↓↓↓
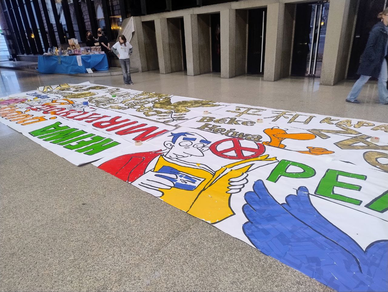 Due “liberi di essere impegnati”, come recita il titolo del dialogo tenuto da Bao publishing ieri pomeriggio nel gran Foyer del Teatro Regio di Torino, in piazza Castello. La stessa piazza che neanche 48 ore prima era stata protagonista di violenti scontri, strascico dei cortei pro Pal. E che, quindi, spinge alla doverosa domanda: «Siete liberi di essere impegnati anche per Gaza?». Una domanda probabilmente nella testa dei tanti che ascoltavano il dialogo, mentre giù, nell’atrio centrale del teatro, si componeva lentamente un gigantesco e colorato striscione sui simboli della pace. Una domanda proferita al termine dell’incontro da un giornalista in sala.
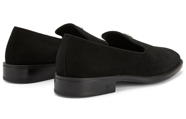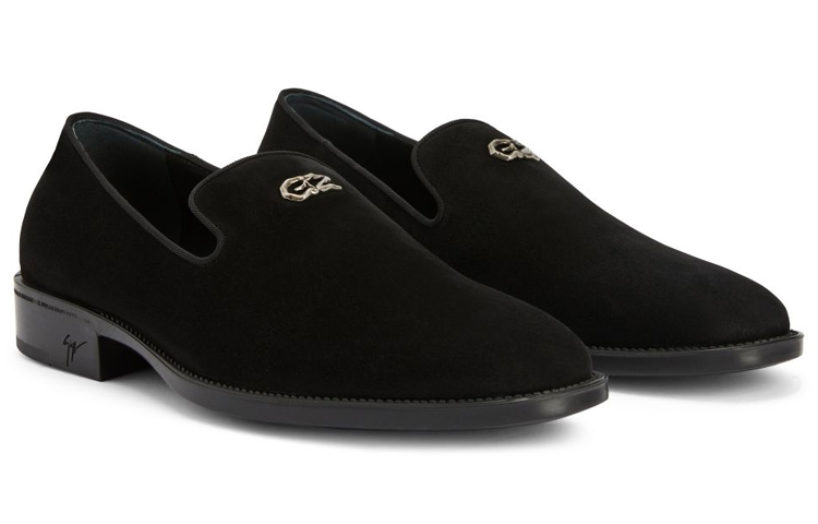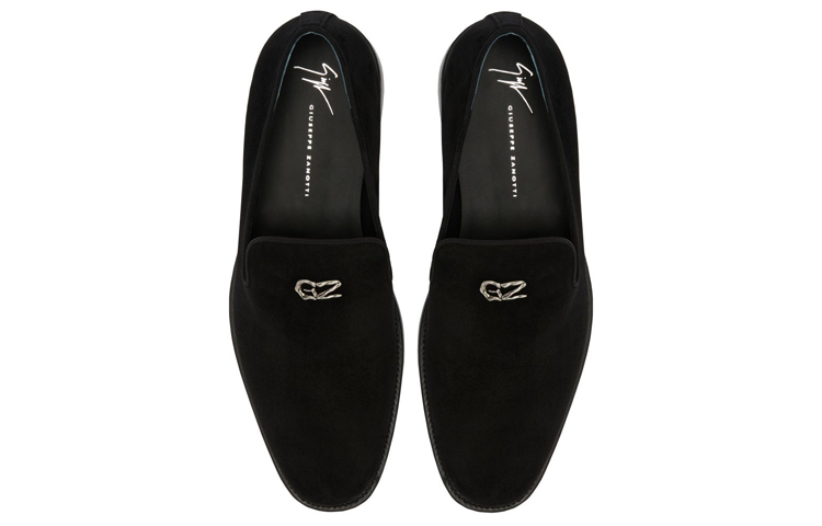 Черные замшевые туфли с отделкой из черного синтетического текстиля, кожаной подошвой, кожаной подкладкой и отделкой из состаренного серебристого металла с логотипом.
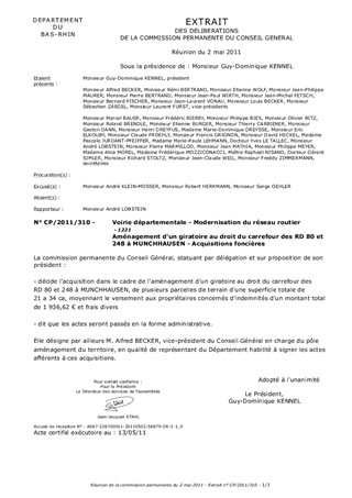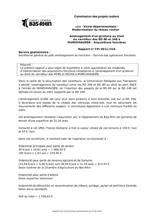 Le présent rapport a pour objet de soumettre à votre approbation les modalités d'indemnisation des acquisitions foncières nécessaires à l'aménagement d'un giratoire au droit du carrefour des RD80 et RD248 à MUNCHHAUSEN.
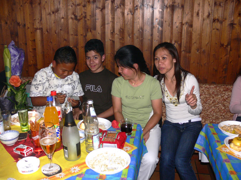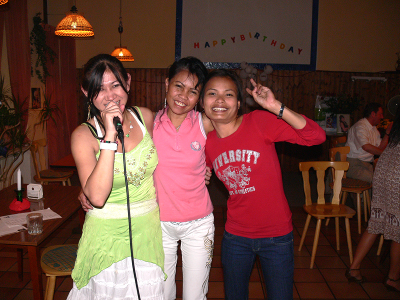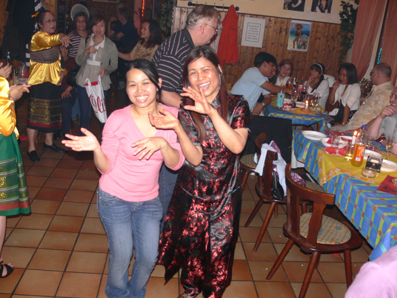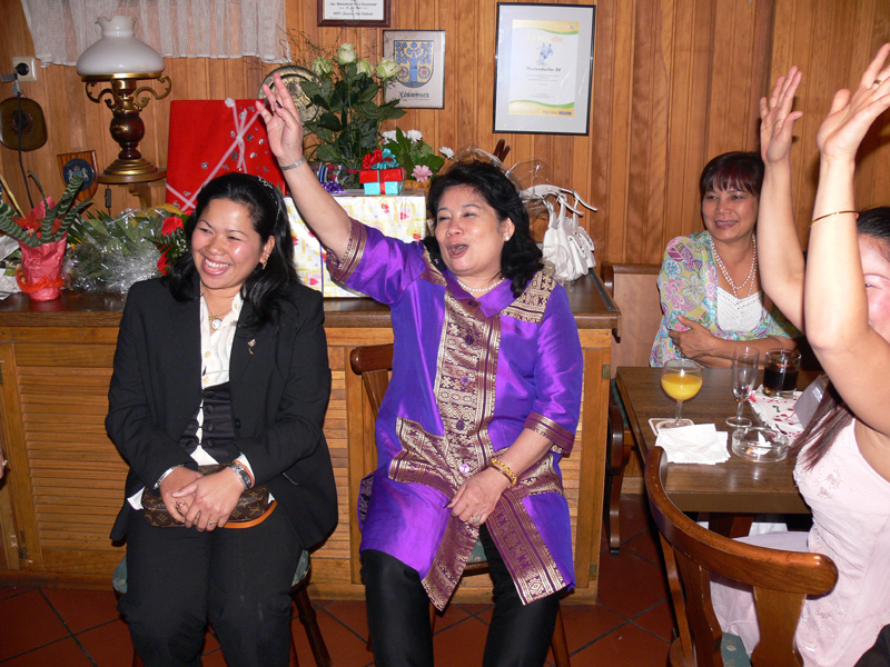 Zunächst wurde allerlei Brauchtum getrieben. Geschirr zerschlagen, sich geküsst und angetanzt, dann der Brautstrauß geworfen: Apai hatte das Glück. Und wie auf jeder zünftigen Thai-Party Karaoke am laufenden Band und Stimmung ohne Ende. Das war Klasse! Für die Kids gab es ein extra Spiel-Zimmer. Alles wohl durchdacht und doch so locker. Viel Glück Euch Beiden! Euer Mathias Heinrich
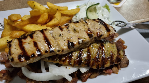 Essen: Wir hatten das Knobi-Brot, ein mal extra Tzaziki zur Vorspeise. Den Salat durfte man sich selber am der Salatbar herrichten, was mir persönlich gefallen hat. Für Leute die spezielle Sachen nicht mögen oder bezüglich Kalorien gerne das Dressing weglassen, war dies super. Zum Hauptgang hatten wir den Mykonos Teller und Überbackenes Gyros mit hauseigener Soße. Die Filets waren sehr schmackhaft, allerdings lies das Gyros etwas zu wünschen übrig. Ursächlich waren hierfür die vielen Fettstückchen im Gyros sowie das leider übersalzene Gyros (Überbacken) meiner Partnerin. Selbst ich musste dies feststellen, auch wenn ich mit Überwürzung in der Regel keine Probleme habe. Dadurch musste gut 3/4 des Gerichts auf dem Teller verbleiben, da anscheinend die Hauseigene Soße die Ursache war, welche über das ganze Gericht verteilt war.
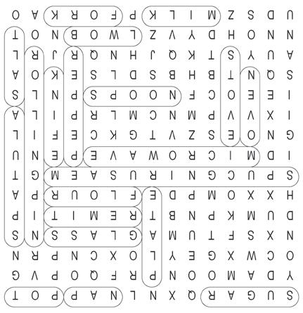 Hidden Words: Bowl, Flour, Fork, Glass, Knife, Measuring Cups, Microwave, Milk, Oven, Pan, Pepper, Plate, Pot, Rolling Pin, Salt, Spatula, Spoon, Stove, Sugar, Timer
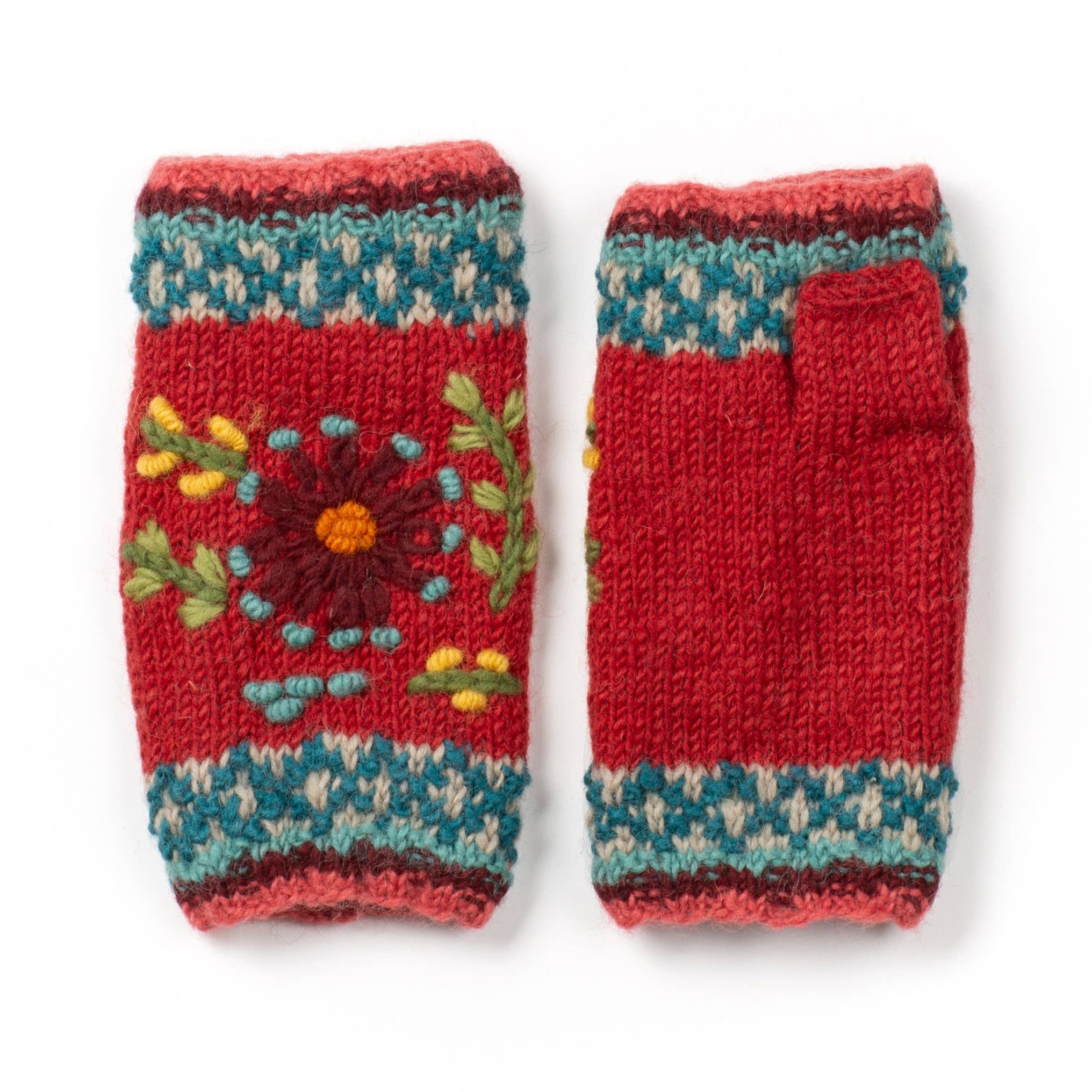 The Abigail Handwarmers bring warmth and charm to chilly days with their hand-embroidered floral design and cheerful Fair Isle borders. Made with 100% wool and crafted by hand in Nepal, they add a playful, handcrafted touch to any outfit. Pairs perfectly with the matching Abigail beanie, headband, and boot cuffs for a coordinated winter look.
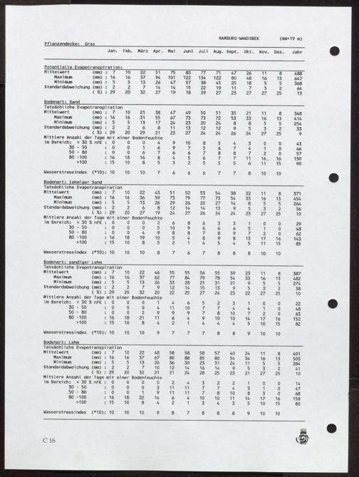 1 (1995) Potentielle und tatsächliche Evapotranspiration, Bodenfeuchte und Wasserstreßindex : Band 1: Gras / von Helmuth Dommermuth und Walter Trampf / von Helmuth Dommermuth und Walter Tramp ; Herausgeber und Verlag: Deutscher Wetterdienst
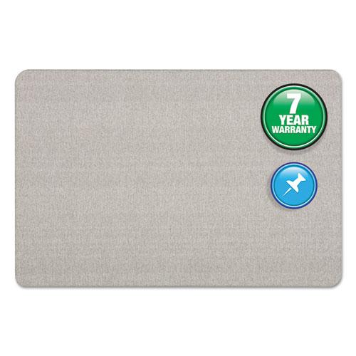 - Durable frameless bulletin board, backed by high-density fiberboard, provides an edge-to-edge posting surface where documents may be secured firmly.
↑↑↑
◆ **What the task asks**:
Without any pictures, repeat the listing exactly.

◆ **Written answer**:
 Due “liberi di essere impegnati”, come recita il titolo del dialogo tenuto da Bao publishing ieri pomeriggio nel gran Foyer del Teatro Regio di Torino, in piazza Castello. La stessa piazza che neanche 48 ore prima era stata protagonista di violenti scontri, strascico dei cortei pro Pal. E che, quindi, spinge alla doverosa domanda: «Siete liberi di essere impegnati anche per Gaza?». Una domanda probabilmente nella testa dei tanti che ascoltavano il dialogo, mentre giù, nell’atrio centrale del teatro, si componeva lentamente un gigantesco e colorato striscione sui simboli della pace. Una domanda proferita al termine dell’incontro da un giornalista in sala.
 Черные замшевые туфли с отделкой из черного синтетического текстиля, кожаной подошвой, кожаной подкладкой и отделкой из состаренного серебристого металла с логотипом.
 Le présent rapport a pour objet de soumettre à votre approbation les modalités d'indemnisation des acquisitions foncières nécessaires à l'aménagement d'un giratoire au droit du carrefour des RD80 et RD248 à MUNCHHAUSEN.
 Zunächst wurde allerlei Brauchtum getrieben. Geschirr zerschlagen, sich geküsst und angetanzt, dann der Brautstrauß geworfen: Apai hatte das Glück. Und wie auf jeder zünftigen Thai-Party Karaoke am laufenden Band und Stimmung ohne Ende. Das war Klasse! Für die Kids gab es ein extra Spiel-Zimmer. Alles wohl durchdacht und doch so locker. Viel Glück Euch Beiden! Euer Mathias Heinrich
 Essen: Wir hatten das Knobi-Brot, ein mal extra Tzaziki zur Vorspeise. Den Salat durfte man sich selber am der Salatbar herrichten, was mir persönlich gefallen hat. Für Leute die spezielle Sachen nicht mögen oder bezüglich Kalorien gerne das Dressing weglassen, war dies super. Zum Hauptgang hatten wir den Mykonos Teller und Überbackenes Gyros mit hauseigener Soße. Die Filets waren sehr schmackhaft, allerdings lies das Gyros etwas zu wünschen übrig. Ursächlich waren hierfür die vielen Fettstückchen im Gyros sowie das leider übersalzene Gyros (Überbacken) meiner Partnerin. Selbst ich musste dies feststellen, auch wenn ich mit Überwürzung in der Regel keine Probleme habe. Dadurch musste gut 3/4 des Gerichts auf dem Teller verbleiben, da anscheinend die Hauseigene Soße die Ursache war, welche über das ganze Gericht verteilt war.
 Hidden Words: Bowl, Flour, Fork, Glass, Knife, Measuring Cups, Microwave, Milk, Oven, Pan, Pepper, Plate, Pot, Rolling Pin, Salt, Spatula, Spoon, Stove, Sugar, Timer
 The Abigail Handwarmers bring warmth and charm to chilly days with their hand-embroidered floral design and cheerful Fair Isle borders. Made with 100% wool and crafted by hand in Nepal, they add a playful, handcrafted touch to any outfit. Pairs perfectly with the matching Abigail beanie, headband, and boot cuffs for a coordinated winter look.
 1 (1995) Potentielle und tatsächliche Evapotranspiration, Bodenfeuchte und Wasserstreßindex : Band 1: Gras / von Helmuth Dommermuth und Walter Trampf / von Helmuth Dommermuth und Walter Tramp ; Herausgeber und Verlag: Deutscher Wetterdienst
 - Durable frameless bulletin board, backed by high-density fiberboard, provides an edge-to-edge posting surface where documents may be secured firmly.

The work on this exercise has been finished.